[Your objective]
Starting at the line that contains "- 在磁盘管理窗口中,找到C盘,右键单击它并选择 【删除卷】 ;" and stopping at the line that contains "When Lucy's car", transcribe every line of the material below exactly; pictures stay out.

Top of Input

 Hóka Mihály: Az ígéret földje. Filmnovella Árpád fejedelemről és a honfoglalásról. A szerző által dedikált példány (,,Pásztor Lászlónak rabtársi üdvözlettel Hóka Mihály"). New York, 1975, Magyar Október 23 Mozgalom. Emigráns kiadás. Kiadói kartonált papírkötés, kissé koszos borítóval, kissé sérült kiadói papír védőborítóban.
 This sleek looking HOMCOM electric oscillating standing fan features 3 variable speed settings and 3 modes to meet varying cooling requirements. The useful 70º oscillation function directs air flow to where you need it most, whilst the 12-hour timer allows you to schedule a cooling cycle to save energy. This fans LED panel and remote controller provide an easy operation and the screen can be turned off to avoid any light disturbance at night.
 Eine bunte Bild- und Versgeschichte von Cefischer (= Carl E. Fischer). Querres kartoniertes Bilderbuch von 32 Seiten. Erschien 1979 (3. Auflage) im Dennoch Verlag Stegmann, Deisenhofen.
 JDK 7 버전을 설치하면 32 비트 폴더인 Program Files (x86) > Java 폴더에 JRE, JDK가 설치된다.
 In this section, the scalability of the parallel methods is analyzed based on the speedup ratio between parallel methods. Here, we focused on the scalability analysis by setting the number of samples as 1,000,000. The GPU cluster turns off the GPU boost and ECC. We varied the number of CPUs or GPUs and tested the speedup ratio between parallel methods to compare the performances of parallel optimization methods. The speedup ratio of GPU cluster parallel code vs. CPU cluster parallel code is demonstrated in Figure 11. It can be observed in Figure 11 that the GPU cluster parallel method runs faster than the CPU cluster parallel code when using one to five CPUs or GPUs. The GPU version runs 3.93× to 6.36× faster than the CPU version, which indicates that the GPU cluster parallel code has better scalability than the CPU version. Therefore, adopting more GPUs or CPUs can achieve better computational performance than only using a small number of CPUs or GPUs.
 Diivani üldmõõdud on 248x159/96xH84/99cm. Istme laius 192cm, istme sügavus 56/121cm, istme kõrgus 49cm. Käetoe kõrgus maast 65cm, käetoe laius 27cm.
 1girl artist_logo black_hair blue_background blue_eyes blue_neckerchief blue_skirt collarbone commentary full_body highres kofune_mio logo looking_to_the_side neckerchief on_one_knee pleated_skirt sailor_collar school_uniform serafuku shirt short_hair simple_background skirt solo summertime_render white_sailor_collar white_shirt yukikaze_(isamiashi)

Bottom of Input
Top of Input

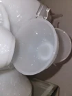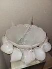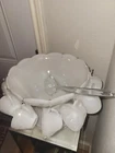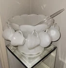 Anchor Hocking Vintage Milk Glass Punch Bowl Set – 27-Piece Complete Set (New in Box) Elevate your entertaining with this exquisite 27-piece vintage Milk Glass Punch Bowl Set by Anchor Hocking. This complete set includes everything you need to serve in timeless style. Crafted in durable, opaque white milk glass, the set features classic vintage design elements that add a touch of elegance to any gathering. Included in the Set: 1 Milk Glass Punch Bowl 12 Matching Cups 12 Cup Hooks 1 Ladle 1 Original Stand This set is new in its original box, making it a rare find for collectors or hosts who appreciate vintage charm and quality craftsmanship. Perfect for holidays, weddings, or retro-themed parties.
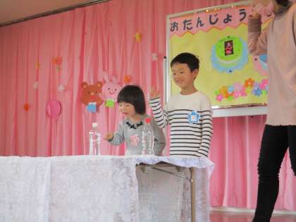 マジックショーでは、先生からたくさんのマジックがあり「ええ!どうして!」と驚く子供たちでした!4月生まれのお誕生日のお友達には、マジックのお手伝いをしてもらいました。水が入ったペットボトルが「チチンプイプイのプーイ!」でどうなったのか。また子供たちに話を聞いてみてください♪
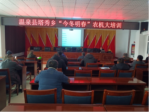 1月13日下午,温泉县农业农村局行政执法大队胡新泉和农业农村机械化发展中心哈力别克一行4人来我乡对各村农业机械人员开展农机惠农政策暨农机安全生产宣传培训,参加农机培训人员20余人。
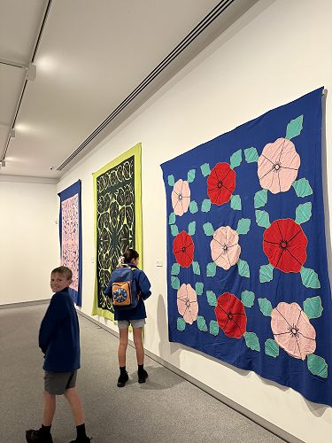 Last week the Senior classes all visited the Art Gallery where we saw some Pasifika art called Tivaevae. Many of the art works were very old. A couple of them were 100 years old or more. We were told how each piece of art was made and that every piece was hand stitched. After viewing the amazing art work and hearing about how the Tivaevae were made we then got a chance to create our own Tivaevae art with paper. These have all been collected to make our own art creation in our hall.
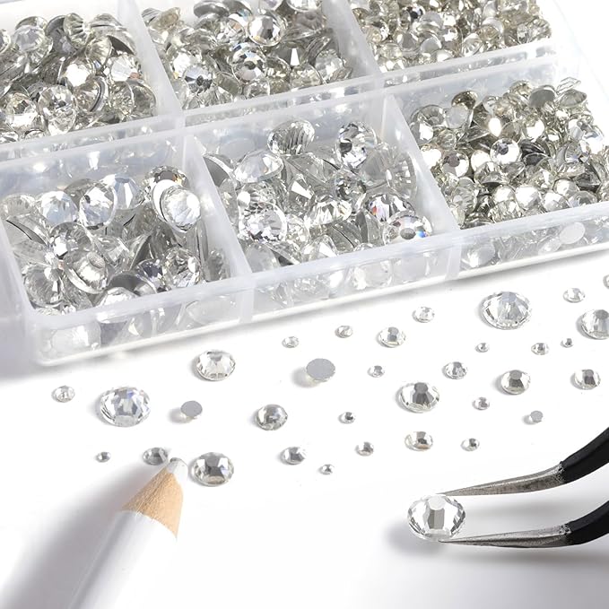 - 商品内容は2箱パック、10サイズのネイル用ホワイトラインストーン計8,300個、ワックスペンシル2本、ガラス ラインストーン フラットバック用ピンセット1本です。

Bottom of Input
Top of Input

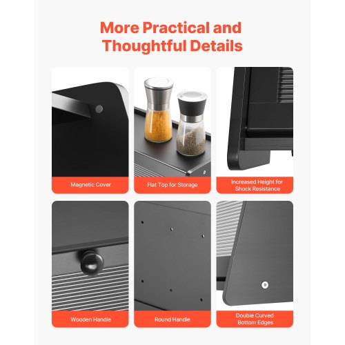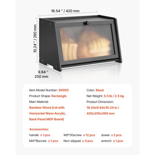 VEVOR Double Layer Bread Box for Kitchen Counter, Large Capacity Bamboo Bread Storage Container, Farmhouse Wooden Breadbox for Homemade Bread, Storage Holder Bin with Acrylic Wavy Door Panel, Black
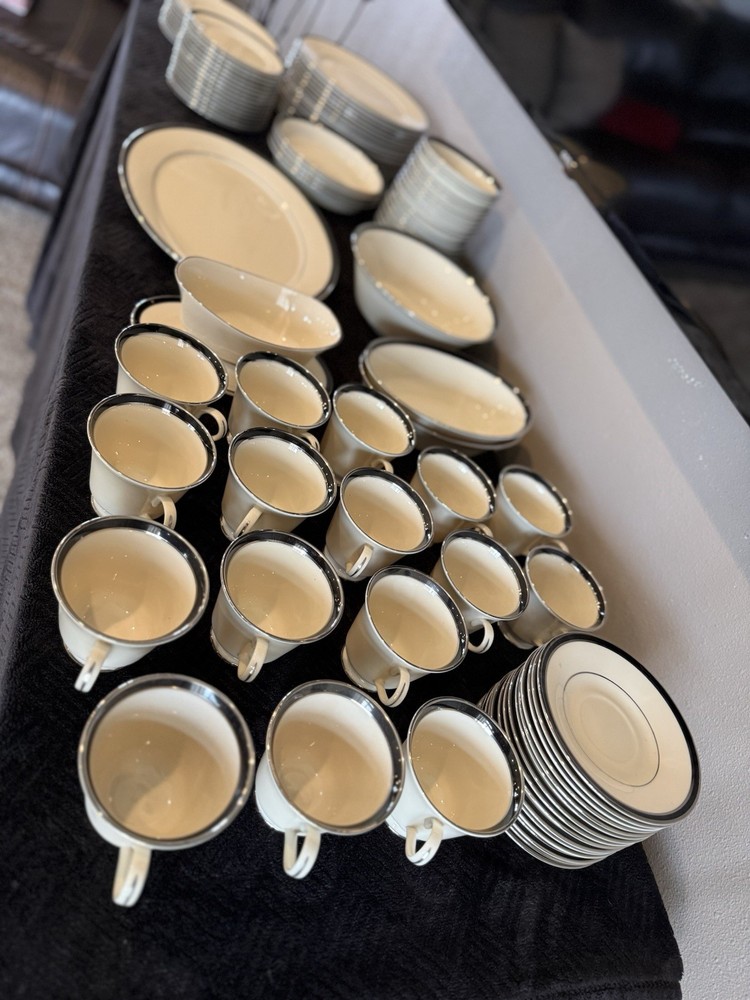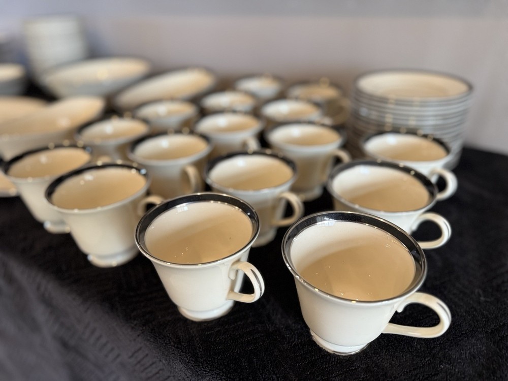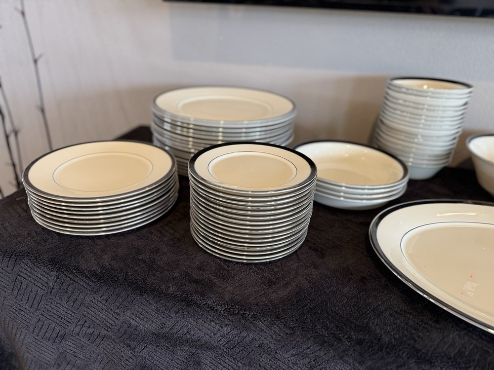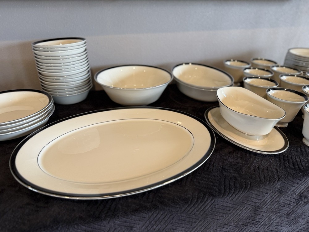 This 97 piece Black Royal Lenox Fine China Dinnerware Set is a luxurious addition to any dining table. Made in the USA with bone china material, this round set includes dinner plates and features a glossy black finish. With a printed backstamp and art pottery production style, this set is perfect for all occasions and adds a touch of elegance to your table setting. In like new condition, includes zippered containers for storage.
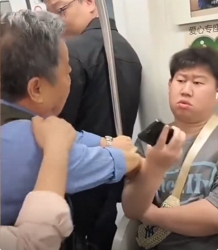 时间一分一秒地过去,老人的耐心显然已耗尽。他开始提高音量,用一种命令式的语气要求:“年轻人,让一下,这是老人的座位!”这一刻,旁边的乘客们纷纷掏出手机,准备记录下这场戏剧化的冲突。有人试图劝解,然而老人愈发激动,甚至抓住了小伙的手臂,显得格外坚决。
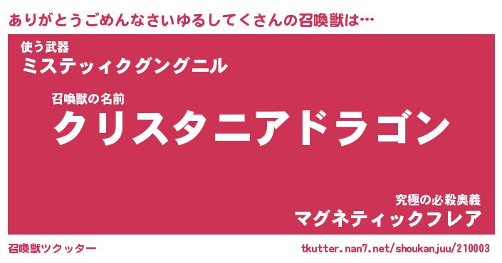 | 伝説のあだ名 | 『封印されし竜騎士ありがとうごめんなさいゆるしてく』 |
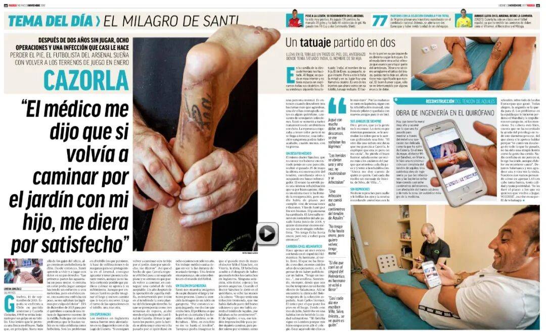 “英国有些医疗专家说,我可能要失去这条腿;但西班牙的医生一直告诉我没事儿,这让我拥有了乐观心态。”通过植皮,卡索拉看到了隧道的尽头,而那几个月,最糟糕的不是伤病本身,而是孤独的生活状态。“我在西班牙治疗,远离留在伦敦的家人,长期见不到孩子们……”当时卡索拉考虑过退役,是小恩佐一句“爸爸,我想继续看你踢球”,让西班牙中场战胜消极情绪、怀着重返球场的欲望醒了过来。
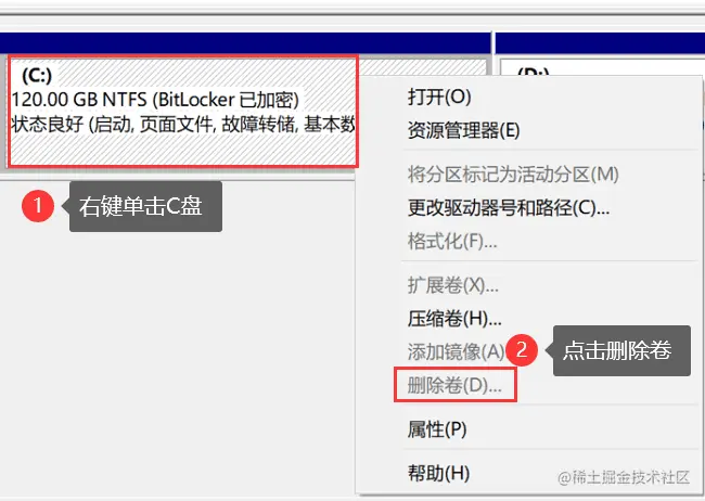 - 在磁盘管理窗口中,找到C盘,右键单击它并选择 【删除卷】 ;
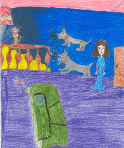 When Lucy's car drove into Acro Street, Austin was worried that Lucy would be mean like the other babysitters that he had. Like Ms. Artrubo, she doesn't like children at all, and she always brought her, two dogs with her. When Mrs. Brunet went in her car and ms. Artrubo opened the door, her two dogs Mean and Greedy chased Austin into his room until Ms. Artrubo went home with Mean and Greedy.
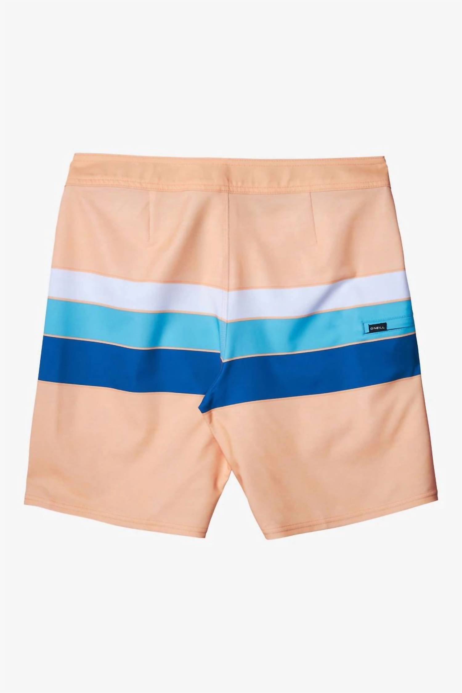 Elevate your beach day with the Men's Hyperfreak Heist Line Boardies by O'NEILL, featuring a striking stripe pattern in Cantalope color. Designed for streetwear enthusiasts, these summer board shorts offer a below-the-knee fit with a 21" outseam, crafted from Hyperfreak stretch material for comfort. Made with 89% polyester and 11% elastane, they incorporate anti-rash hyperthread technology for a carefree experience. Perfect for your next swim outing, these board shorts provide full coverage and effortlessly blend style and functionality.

Bottom of Input

[Solution to this exercise]
 - 在磁盘管理窗口中,找到C盘,右键单击它并选择 【删除卷】 ;
 When Lucy's car drove into Acro Street, Austin was worried that Lucy would be mean like the other babysitters that he had. Like Ms. Artrubo, she doesn't like children at all, and she always brought her, two dogs with her. When Mrs. Brunet went in her car and ms. Artrubo opened the door, her two dogs Mean and Greedy chased Austin into his room until Ms. Artrubo went home with Mean and Greedy.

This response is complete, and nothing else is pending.